Goal of the exercise:
Leave out every picture and set down, exactly, the lines below from the one holding "在添加页面里挑选常用网站的图" up to and including the one holding "Black fitted top".

Records provided:

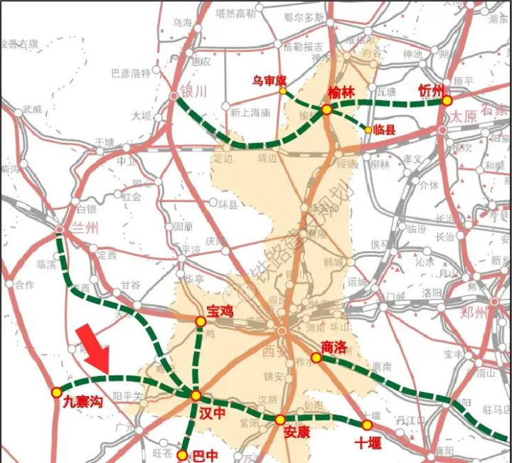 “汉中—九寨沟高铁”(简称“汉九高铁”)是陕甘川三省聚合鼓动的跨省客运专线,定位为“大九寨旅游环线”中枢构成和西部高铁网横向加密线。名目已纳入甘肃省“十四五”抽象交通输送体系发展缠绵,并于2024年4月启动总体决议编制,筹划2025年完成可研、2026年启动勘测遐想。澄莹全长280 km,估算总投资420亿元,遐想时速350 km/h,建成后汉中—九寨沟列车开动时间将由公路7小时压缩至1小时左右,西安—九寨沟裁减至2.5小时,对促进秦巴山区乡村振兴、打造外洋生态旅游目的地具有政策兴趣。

--

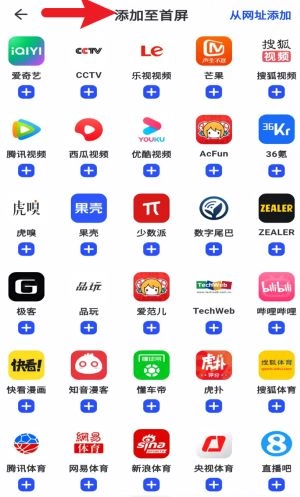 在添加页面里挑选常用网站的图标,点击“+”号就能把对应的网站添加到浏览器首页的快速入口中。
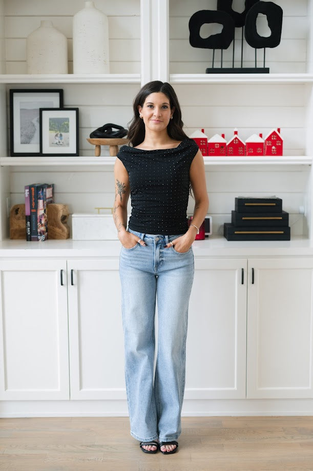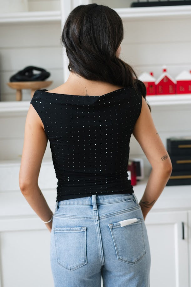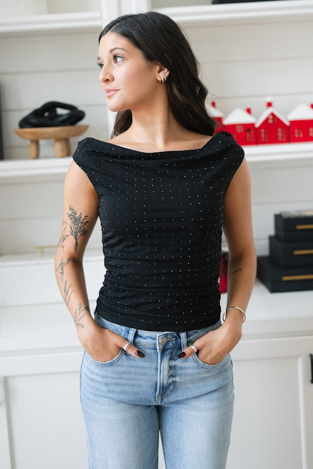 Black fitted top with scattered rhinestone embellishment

Response for this exercise:
 在添加页面里挑选常用网站的图标,点击“+”号就能把对应的网站添加到浏览器首页的快速入口中。
 Black fitted top with scattered rhinestone embellishment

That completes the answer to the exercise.